Arte: Bloomberg noticia operação da Polícia Federal sobre filme Dark Horse de Bolsonaro

A agência norte-americana Bloomberg noticiou na quinta-feira, 10 de setembro de 2026, que a Polícia Federal deflagrou uma operação para apurar o uso de recursos públicos no financiamento de Dark Horse, filme que narra a trajetória do ex-presidente Jair Bolsonaro. A publicação apresenta o caso como mais um foco de tensão política a menos de um mês do primeiro turno da eleição presidencial, marcada para 4 de outubro.

O texto da Bloomberg é curto e factual: informa que a investigação mira o repasse de verbas de emendas parlamentares a entidades ligadas à produção do longa e que agentes cumpriram dezenas de mandados em quatro unidades da federação. Para o leitor brasileiro, o episódio se conecta a uma novela que a imprensa estrangeira já vinha acompanhando — a crise no Supremo Tribunal Federal e o desdobramento do colapso do Banco Master, temas que este blog cobriu nos últimos dias.

Operação Make Up: os números

Segundo a Polícia Federal, a ação foi batizada de Operação Make Up e autorizada pelo ministro Flávio Dino, do STF. Foram 49 mandados de busca e apreensão cumpridos em São Paulo, Rio de Janeiro, Ceará e no Distrito Federal. As apurações citam cerca de 29 investigados e os crimes de peculato, falsidade documental, lavagem de dinheiro, organização criminosa e fraude em licitação. A corporação afirma ter identificado movimentação de centenas de milhões de reais entre as empresas que compõem o suposto esquema, com condutas que teriam se estendido até julho de 2026.

Quem são os alvos

O principal nome citado é o do deputado federal Mário Frias (PL-SP), ex-secretário especial da Cultura no governo Bolsonaro e produtor-executivo do filme. Também é alvo a empresária Karina Ferreira da Gama, apontada como responsável pela produtora Go Up Entertainment e pela ONG Instituto Conhecer Brasil. Durante as buscas, a PF apreendeu o celular do parlamentar, além de documentos e dispositivos eletrônicos. Por meio de suas defesas, os investigados afirmam que vão colaborar com a apuração e negam irregularidades.

A rota do dinheiro público

De acordo com reportagens de veículos brasileiros que tiveram acesso à investigação, como a coluna de Mirelle Pinheiro no Metrópoles, o ponto de partida seriam duas emendas parlamentares, no valor aproximado de R$ 2 milhões, destinadas por Frias ao Instituto Conhecer Brasil.
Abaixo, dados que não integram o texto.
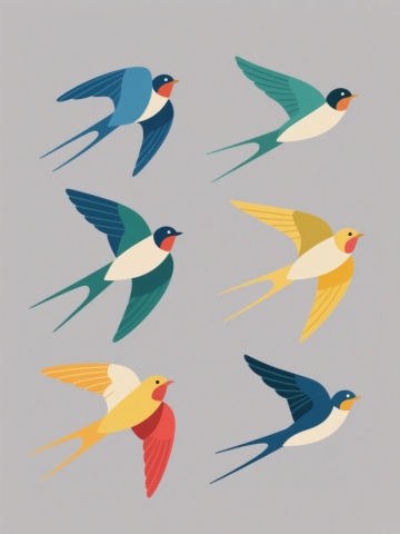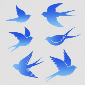 纯蓝色渐变手绘风格飞鸟图案集合,6款完全不同形态的蓝色系鸟类剪影,每款均采用简洁流畅的线条勾勒,翅膀与尾羽带有细致的锯齿状纹理,整体造型轻盈灵动,保持统一的单色渐变填充和简约手绘质感,规整排布于纯色背景上,风格统一且元素各异,呈现出系列化的装饰图案设计感。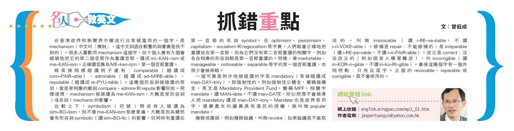 2009年6月25日《明報》 名人教英文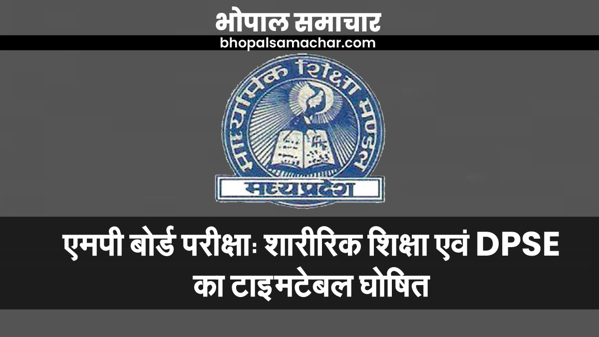 भोपाल। माध्यमिक शिक्षा मण्डल ने वर्ष 2021 के दसवीं, बारहवीं, शारीरिक शिक्षा प्रशिक्षण पत्रोपाधि परीक्षा और DPSE की परीक्षा के कार्यक्रम घोषित किये हैं। 10वीं की परीक्षा 30 अप्रैल से 15 मई तक और बारहवीं की परीक्षा एक मई से 18 मई तक आयोजित की जाएगी। इसी तरह शारीरिक शिक्षा प्रशिक्षण पत्रोपाधि परीक्षा (द्विवर्षीय पाठ्यक्रम) और DPSE परीक्षा (द्विवर्षीय पाठ्यक्रम) 30 अप्रैल से 11 मई तक आयोजित की जाएगी। ये सभी परीक्षाएँ प्रातः 8 बजे से 11 बजे के बीच सम्पन्न होंगी।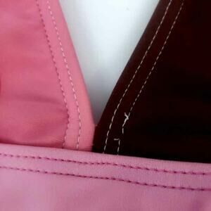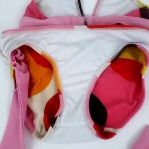 Limited Too Girls Bikini Mod Circles 6/7 Two Piece. Soo cute! Has a loose thread on the bikini top as shown and tie has some discoloration from where it was tied, otherwise great preowned condition. 60's Style Mod Bikini for little girls in pink, orange, yellow, and brown.

Em vez de aplicar o dinheiro diretamente, a entidade teria repassado os valores a outras empresas do mesmo grupo econômico — entre elas uma editora e um instituto educacional. A PF suspeita que ao menos R$ 750 mil de origem pública chegaram à produtora do filme sem comprovação de serviços efetivamente prestados.

As armas encontradas

Um desdobramento inesperado: os agentes localizaram sete armas de fogo registradas em nome de Mário Frias em um endereço que não é o declarado por ele como residência. Como a legislação exige que armas registradas fiquem no local informado à Polícia Federal, a descoberta abriu uma apuração separada sobre posse irregular, sem relação direta com a investigação de desvio de verbas.

A conexão com o Banco Master

O financiamento de Dark Horse não é assunto novo. Desde o fim de 2025, quando o Banco Master entrou em colapso, reportagens vêm associando o banqueiro Daniel Vorcaro ao bancamento de boa parte do orçamento do longa. O caso Banco Master também está no centro da crise que dividiu o STF nas últimas semanas, com o afastamento e a recondução de dirigentes da Polícia Federal e da área de inteligência — tema que a imprensa internacional acompanhou de perto. A Operação Make Up trata especificamente do dinheiro público das emendas, e não dos recursos privados do banco, mas as duas frentes se cruzam no mesmo projeto de cinema.

Reações e contexto eleitoral

Como em episódios anteriores envolvendo investigações contra aliados de Bolsonaro, a oposição tratou a operação como perseguição política, enquanto parlamentares da base governista defenderam a atuação da Polícia Federal. O calendário chama atenção: a ação ocorre a menos de um mês da votação de 4 de outubro, num momento em que pesquisas mostram a disputa entre Lula e o senador Flávio Bolsonaro praticamente empatada. Nem o STF nem o Tribunal Superior Eleitoral se manifestaram sobre eventual impacto da operação na campanha.

O que dizem as fontes brasileiras

A Agência Brasil, ligada à Empresa Brasil de Comunicação, confirma os dados centrais divulgados pela imprensa estrangeira: o nome da operação, os 49 mandados, os quatro estados atingidos, a autorização do STF e a lista de crimes investigados. Não há, até agora, divergência relevante entre a versão da Bloomberg e a cobertura nacional — o texto estrangeiro é apenas mais enxuto e enfatiza o impacto eleitoral, enquanto os veículos brasileiros detalham a rota das emendas e os valores.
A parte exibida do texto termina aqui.